● Exercise: In this exercise, the entries below include pictures. Repeat exactly the lines from the line with "その6か所を固定してもまだ変" to the line with "Vanda Sigurgeirsdóttir, formaður", including both, but without the pictures.

● Records provided:
------------------------------
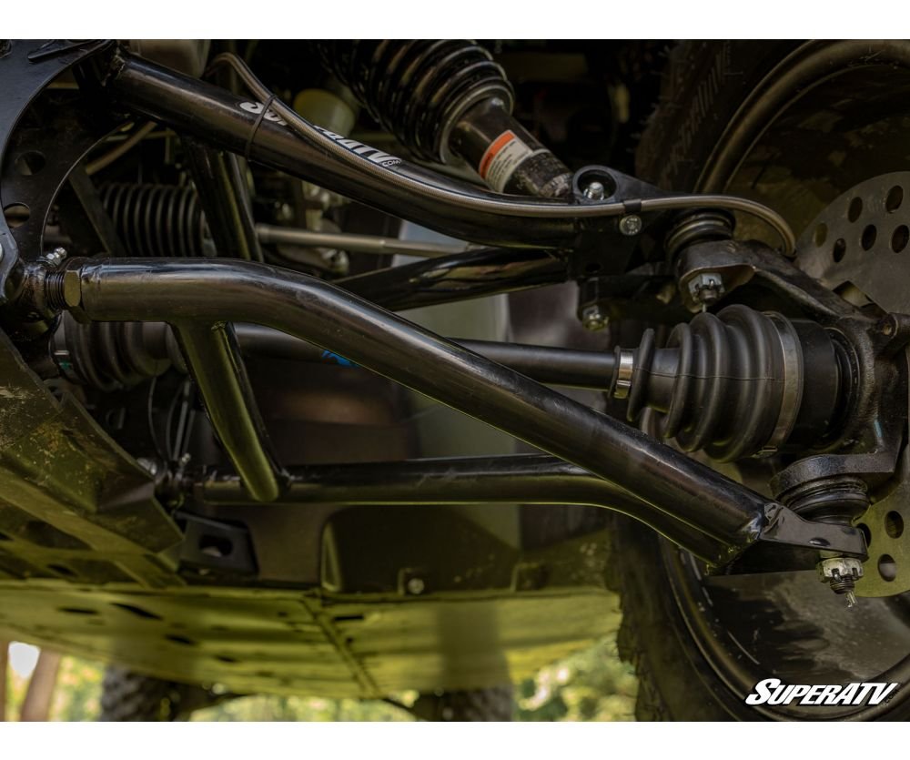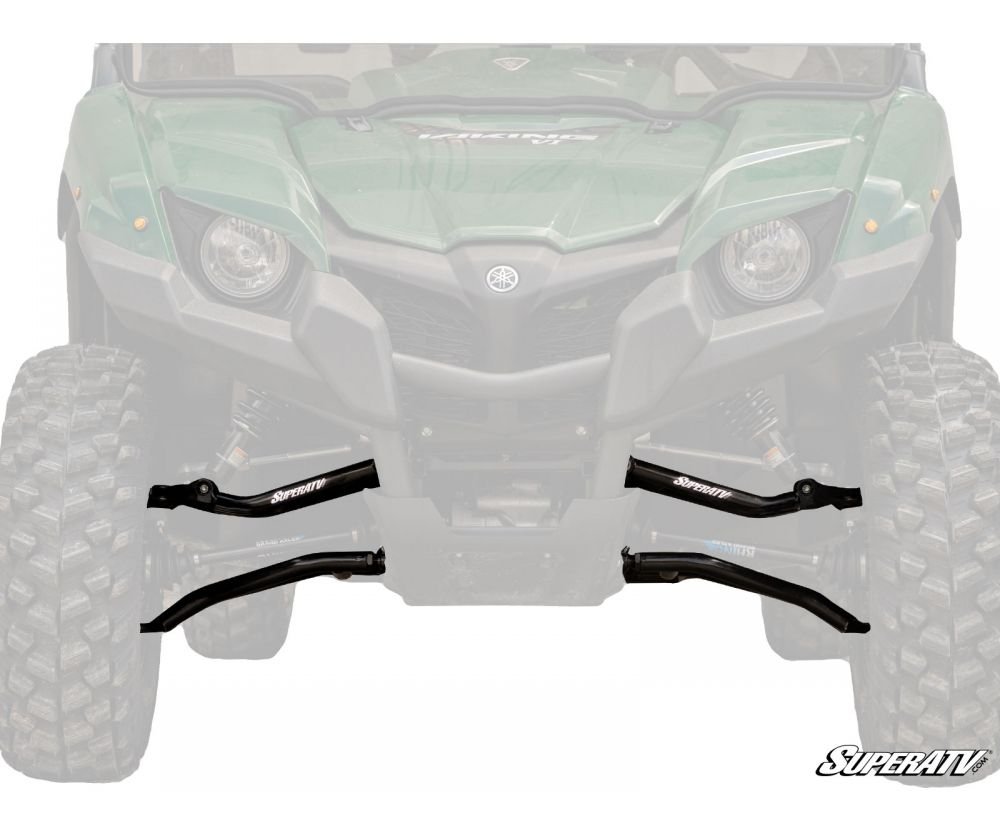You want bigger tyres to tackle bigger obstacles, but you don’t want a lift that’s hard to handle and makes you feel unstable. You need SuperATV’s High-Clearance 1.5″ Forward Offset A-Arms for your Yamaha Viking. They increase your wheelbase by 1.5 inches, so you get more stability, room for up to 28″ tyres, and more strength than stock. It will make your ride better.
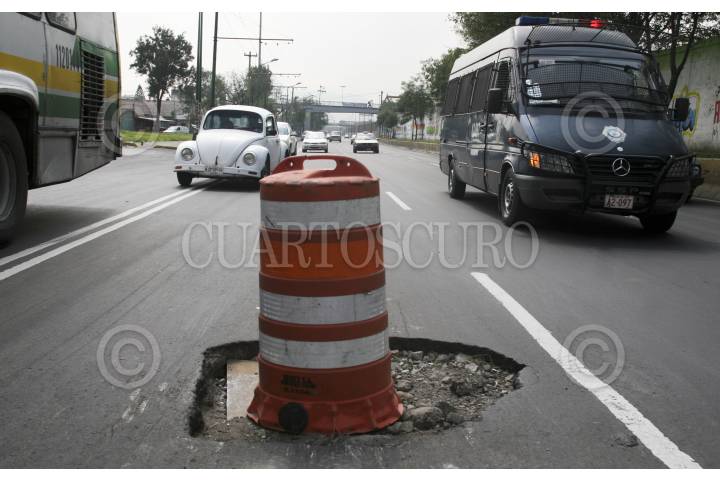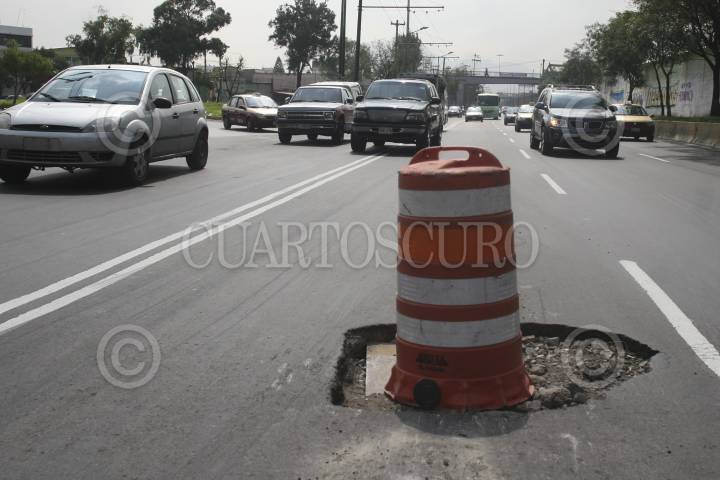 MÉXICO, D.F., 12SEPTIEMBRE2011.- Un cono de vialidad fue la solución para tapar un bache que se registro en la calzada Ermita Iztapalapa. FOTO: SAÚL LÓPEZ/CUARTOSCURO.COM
------------------------------
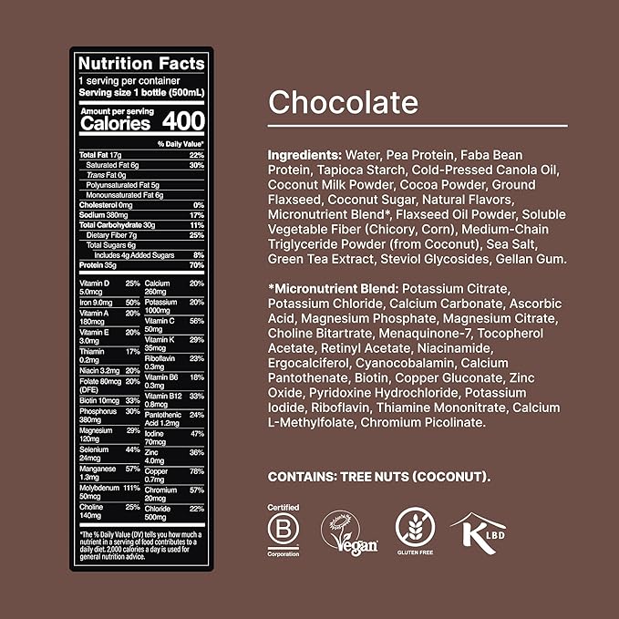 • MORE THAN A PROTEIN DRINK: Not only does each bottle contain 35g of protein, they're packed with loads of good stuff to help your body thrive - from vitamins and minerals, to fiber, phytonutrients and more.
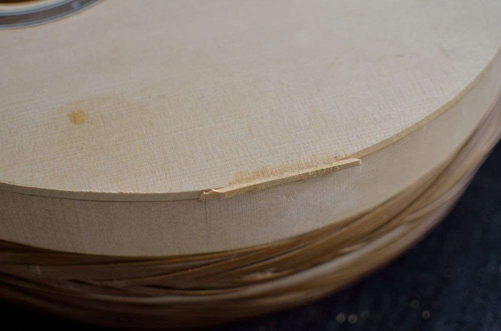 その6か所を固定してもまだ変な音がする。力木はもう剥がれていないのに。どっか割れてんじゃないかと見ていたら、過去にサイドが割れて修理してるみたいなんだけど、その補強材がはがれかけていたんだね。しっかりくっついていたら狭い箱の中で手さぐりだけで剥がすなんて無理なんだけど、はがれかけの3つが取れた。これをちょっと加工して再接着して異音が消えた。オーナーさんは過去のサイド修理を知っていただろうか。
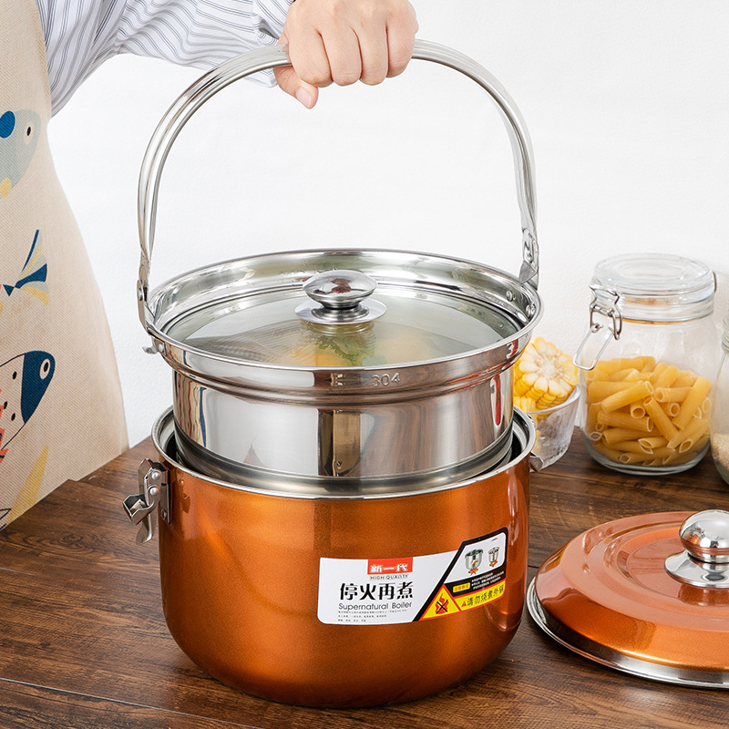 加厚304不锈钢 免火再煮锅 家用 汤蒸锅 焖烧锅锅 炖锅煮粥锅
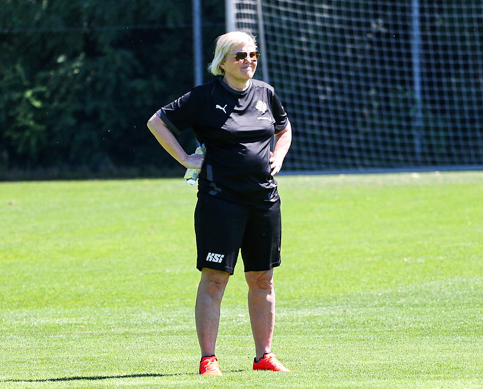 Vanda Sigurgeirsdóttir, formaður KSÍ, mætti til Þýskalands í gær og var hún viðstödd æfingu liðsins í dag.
------------------------------
● Answer space:
 その6か所を固定してもまだ変な音がする。力木はもう剥がれていないのに。どっか割れてんじゃないかと見ていたら、過去にサイドが割れて修理してるみたいなんだけど、その補強材がはがれかけていたんだね。しっかりくっついていたら狭い箱の中で手さぐりだけで剥がすなんて無理なんだけど、はがれかけの3つが取れた。これをちょっと加工して再接着して異音が消えた。オーナーさんは過去のサイド修理を知っていただろうか。
 加厚304不锈钢 免火再煮锅 家用 汤蒸锅 焖烧锅锅 炖锅煮粥锅
 Vanda Sigurgeirsdóttir, formaður KSÍ, mætti til Þýskalands í gær og var hún viðstödd æfingu liðsins í dag.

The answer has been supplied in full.